AbbVie Takes Over Galapagos Cystic Fibrosis Collaboration Instead of Walking Away
What is AbbVie thinking? That’s the question of many investors, analysts and industry watchers as the Chicago-based AbbVie decided to buy up researcher partner Galapagos' cystic fibrosis portfolio instead of walking away.
Back in June, the Belgium-based Galapagos’ shares dropped more than 15 percent after dismal topline results from a trial of its C2 corrector GLPG2737 in adult cystic fibrosis patients who are homozygous for the Class II F508del mutation. The drug was being tested in a Phase II trial in patients who had been on a stable treatment with market leader Vertex Pharmaceuticals’ CF drug Orkambi for at least 12 weeks prior to treatment.
Then yesterday Galapagos announced topline interim results from part 1 of its FALCON trial that evaluated GLPG2451 and GLPG2222 with and without GLPG2737 in CF. Part 1 was made up of adult CF patients homozygous for the Class II F508del mutations. The trial to date showed the combinations were well tolerated, but the results otherwise were tepid, with about a 3 percent mean increase in ppFEV1 and a mean decrease from baseline in sweat chloride concentration of approximately 25 mmol/L. Analysts were expecting at least a 5 percent mean increase in ppFEV1. Further two-week treatments with the triple combination didn’t show any improvements.
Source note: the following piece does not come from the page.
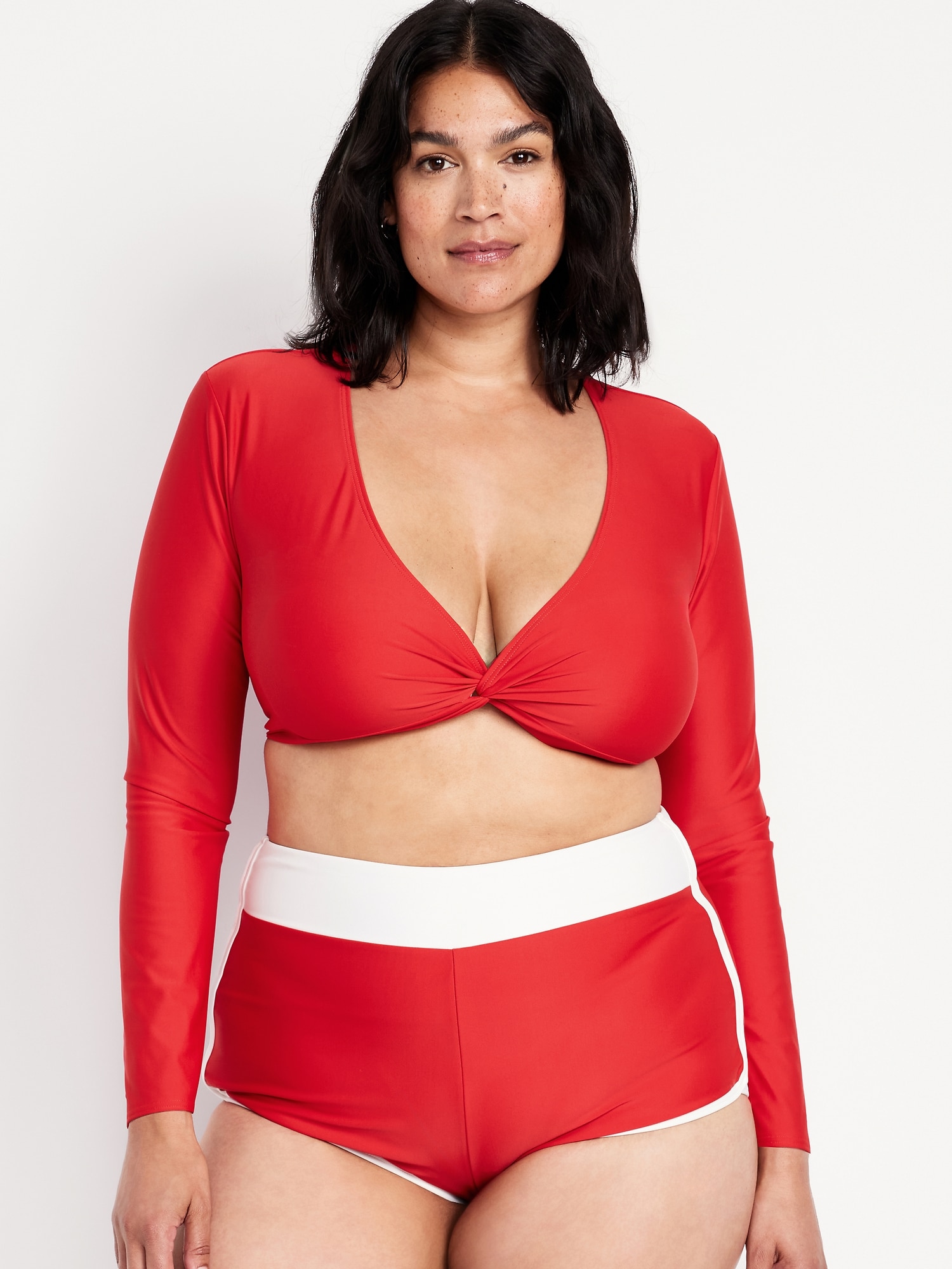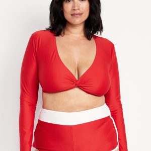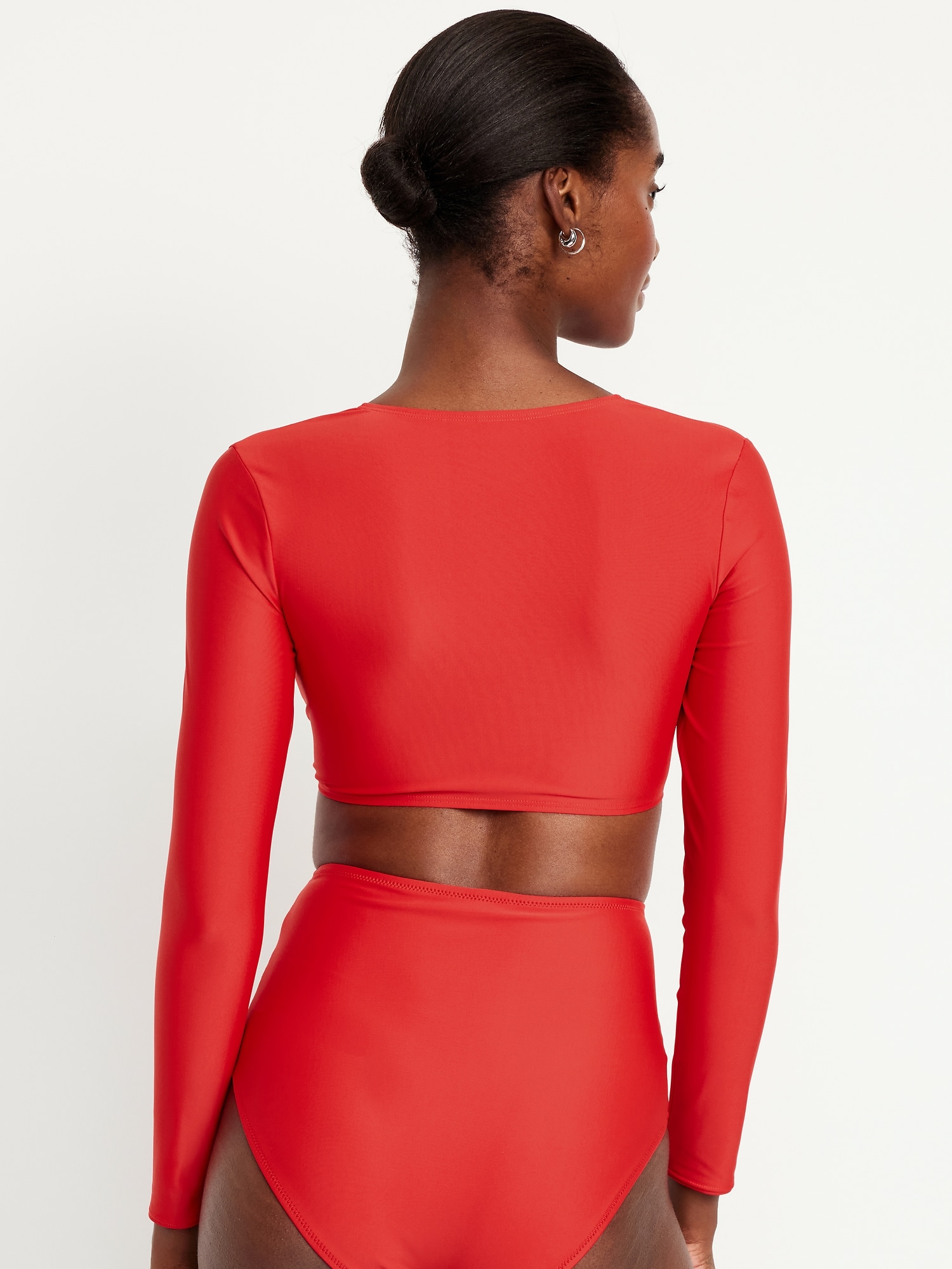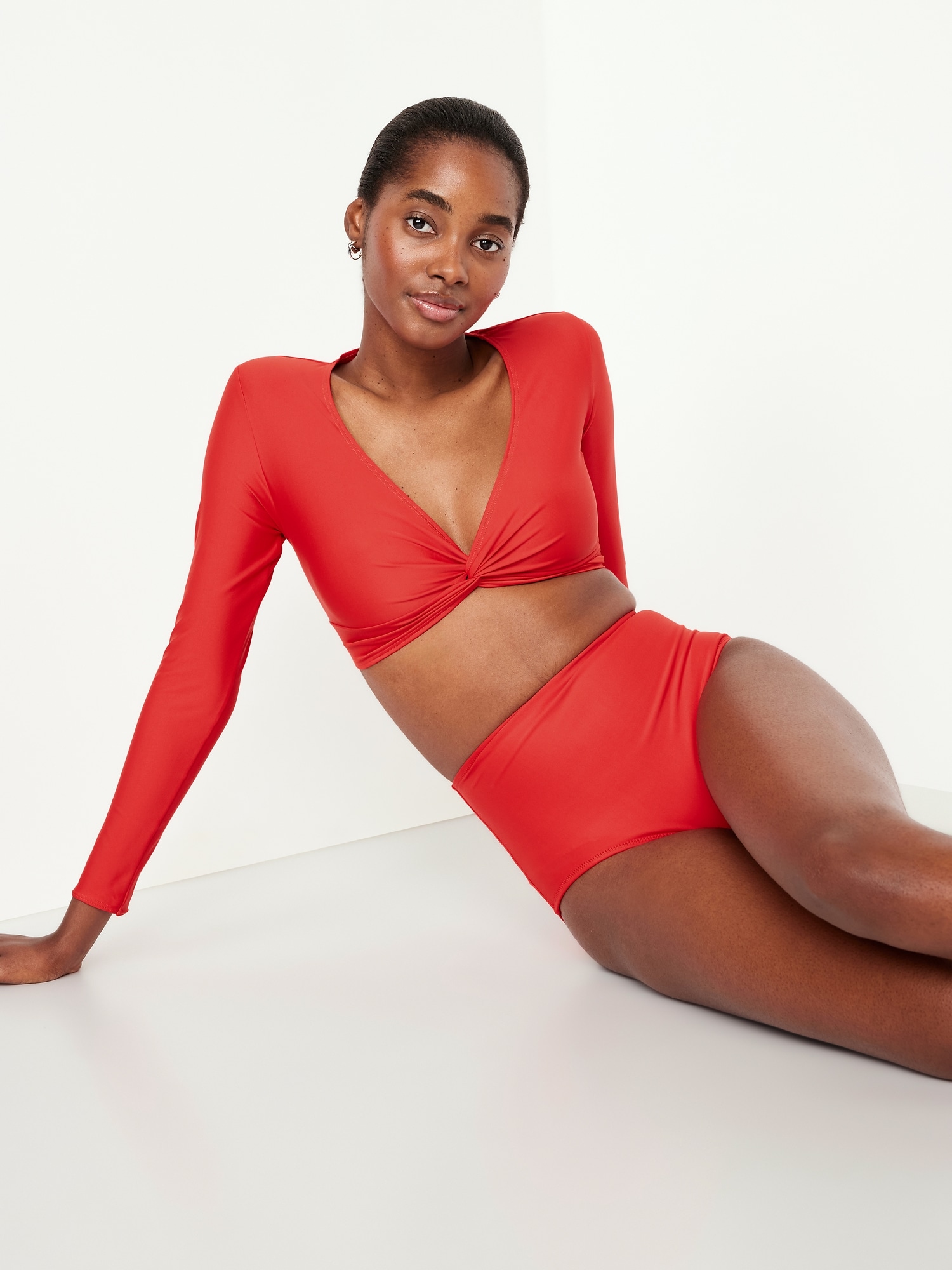 Twist-Front Matte Rashguard Swim Top: deep v-neck, long sleeves, twist-front accent, #747909

All indications were that AbbVie was going to abandon the collaboration. Today they announced they were buying it.
AbbVie is revising the agreement, assuming full development and commercial responsibility over the investigational program, including clinical and preclinical compounds. Galapagos will no longer be involved but is eligible for future milestones and royalties. Galapagos will hold the rights to future development of GLPG-2737 in non-CF indications.
AbbVie is paying Galapagos $45 million upfront and up to $200 million in milestones.
“AbbVie has a long-standing commitment to finding improved treatment options for CF and our recent work has resulted in advancements that have broadened our understanding of the molecular and genetic basis of this disease,” stated Michael Severino, AbbVie’s executive vice president of research and development and chief scientific officer.
Michael Yee, an analyst with Jefferies and Co., wrote in a note to clients after the results of the triple combination, “We think the first data out today on triple is disappointing, and it remains to be see if AbbVie is just taking it over to evaluate the options and doesn’t seriously plan to do much or will actually move other future triples into Phase I/II. Currently, the competitor does not appear to have any triples that are of relevance at this time.”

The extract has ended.